__THE PROBLEM__: The answer must be the full data, restated word for word, with no pictures in it.

__DATA SHOWN__:

--- START ---

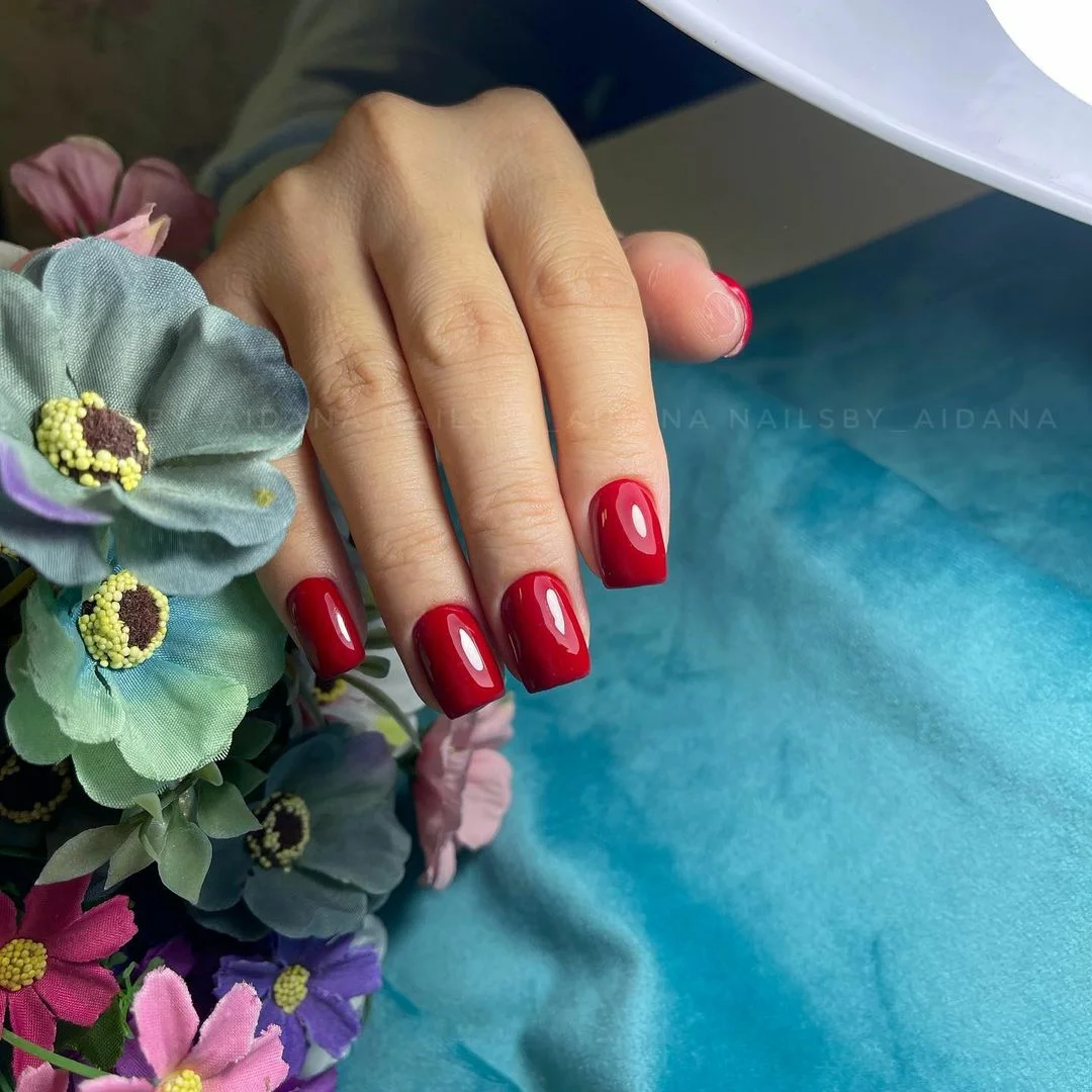 Безумовно, актуальність манікюру в відтінках червоного і бордового кольору восени різко підвищується. Найактуальніший всесезонний варіант – однотонне глянсове покриття.
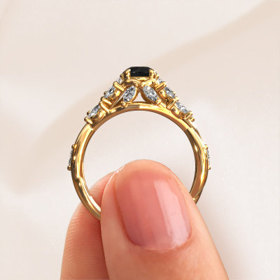 Der oben gezeigte Ring wird Samantha RND genannt. Es ist ein Pavé Solitär Ring, da er einen zentralen Edelstein und ein Band mit Pavé-Fassung hat. Dieser 14 Karat Gold ring ist mit einem 0.60 crt rund Schwarz Diamant-Mittelstein besetzt und das Band hat eine Pavé-Fassung mit Diamanten. Jedes Schmuckstück wird hergestellt mit Leidenschaft und Liebe, von einem unserer Meister-Goldschmiede.Dieser moderne Gold Pavé Solitär Verlobungsring mit Pavé-Fassung hat einen exquisiten, rund Schwarz Diamant als Mittelstein. Um den zentralen Stein noch mehr zu betonen, hat das Band eine Pavé-Fassung mit weiteren Diamanten. Durch die offenen Krappen kann das Licht aus mehreren Winkeln auf den Schwarz Diamant treffen und der Schwarz Diamant-Ring funkelt noch mehr. Das obere Foto zeigt die leidenschaftlich handgefertigten Details des Rings. Die hohe Positionierung der Mittelstein ist ein echter Blickfang. Der perfekte Verlobungsring für das Kronjuwel Ihres Lebens!Durch die Kombination modernster Technik mit uralter Handwerkskunst können wir alle Verlobungsringe in unserem eigenen Studio anfertigen. Jedes Schmuckstück wird auf Anfrage gefertigt. Das ist vorteilhaft, weil wir Ihnen dadurch einen Preis anbieten können, den Sie nirgendwo anders finden.Unsere Designer und Goldschmiede arbeiten jeden Tag zusammen und versuchen, neue Schmuckstücke zu kreieren. Vielleicht haben Sie irgendwo einen schönen, moderne Verlobungsring gefunden, nach dem Ihr einzigartiger Ring gestaltet werden kann. Setzen Sie sich mit uns in Verbindung. Wir machen Ihnen ein Angebot, basierend auf einem fairen Preis/Leistungsverhältnis, das Sie begeistern wird.Um es einfacher zu machen, bieten wir eine kostenlose 30-tägige Rücksendung.
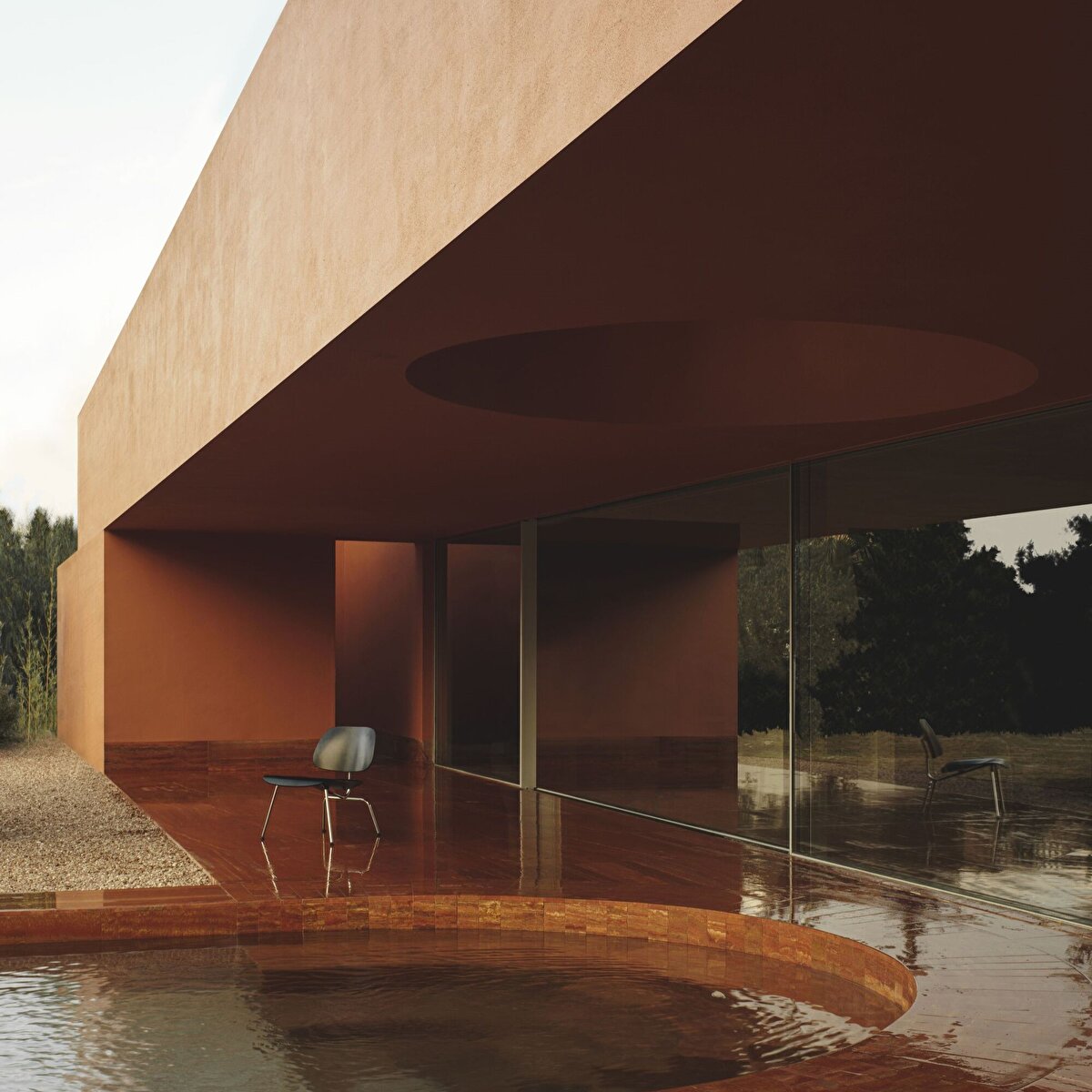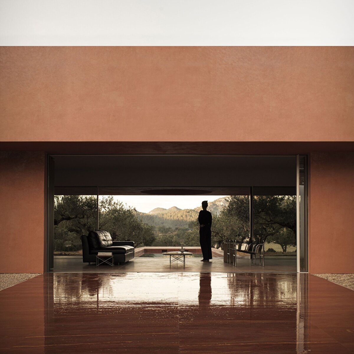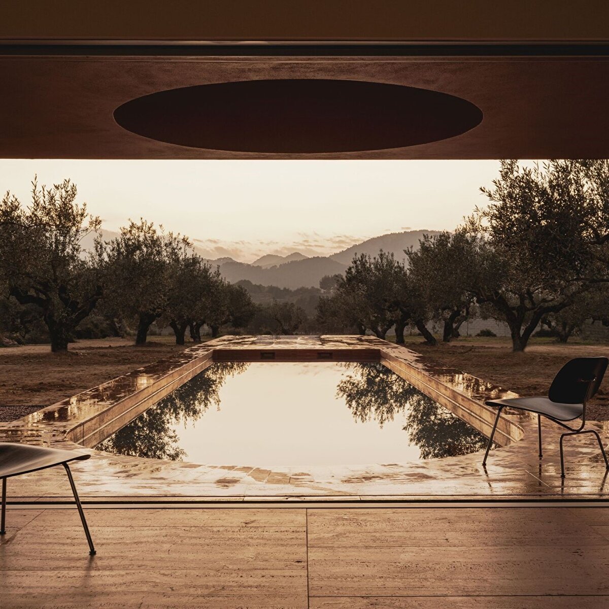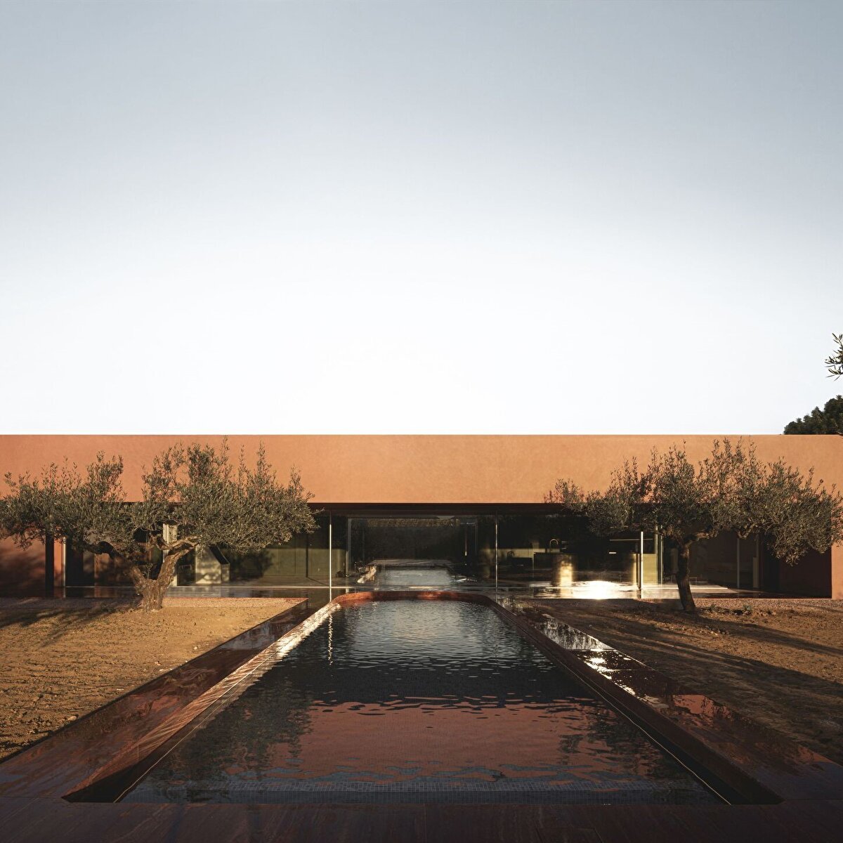 The building includes three courtyards opening onto olive trees, a porch characteristic of Mediterranean culture that protects the building from the heat of the west, and a large pool extending into the olive field. All these areas are connected by wide openings.

--- END ---

__PROBLEM SOLUTION__:
 Безумовно, актуальність манікюру в відтінках червоного і бордового кольору восени різко підвищується. Найактуальніший всесезонний варіант – однотонне глянсове покриття.
 Der oben gezeigte Ring wird Samantha RND genannt. Es ist ein Pavé Solitär Ring, da er einen zentralen Edelstein und ein Band mit Pavé-Fassung hat. Dieser 14 Karat Gold ring ist mit einem 0.60 crt rund Schwarz Diamant-Mittelstein besetzt und das Band hat eine Pavé-Fassung mit Diamanten. Jedes Schmuckstück wird hergestellt mit Leidenschaft und Liebe, von einem unserer Meister-Goldschmiede.Dieser moderne Gold Pavé Solitär Verlobungsring mit Pavé-Fassung hat einen exquisiten, rund Schwarz Diamant als Mittelstein. Um den zentralen Stein noch mehr zu betonen, hat das Band eine Pavé-Fassung mit weiteren Diamanten. Durch die offenen Krappen kann das Licht aus mehreren Winkeln auf den Schwarz Diamant treffen und der Schwarz Diamant-Ring funkelt noch mehr. Das obere Foto zeigt die leidenschaftlich handgefertigten Details des Rings. Die hohe Positionierung der Mittelstein ist ein echter Blickfang. Der perfekte Verlobungsring für das Kronjuwel Ihres Lebens!Durch die Kombination modernster Technik mit uralter Handwerkskunst können wir alle Verlobungsringe in unserem eigenen Studio anfertigen. Jedes Schmuckstück wird auf Anfrage gefertigt. Das ist vorteilhaft, weil wir Ihnen dadurch einen Preis anbieten können, den Sie nirgendwo anders finden.Unsere Designer und Goldschmiede arbeiten jeden Tag zusammen und versuchen, neue Schmuckstücke zu kreieren. Vielleicht haben Sie irgendwo einen schönen, moderne Verlobungsring gefunden, nach dem Ihr einzigartiger Ring gestaltet werden kann. Setzen Sie sich mit uns in Verbindung. Wir machen Ihnen ein Angebot, basierend auf einem fairen Preis/Leistungsverhältnis, das Sie begeistern wird.Um es einfacher zu machen, bieten wir eine kostenlose 30-tägige Rücksendung.
 The building includes three courtyards opening onto olive trees, a porch characteristic of Mediterranean culture that protects the building from the heat of the west, and a large pool extending into the olive field. All these areas are connected by wide openings.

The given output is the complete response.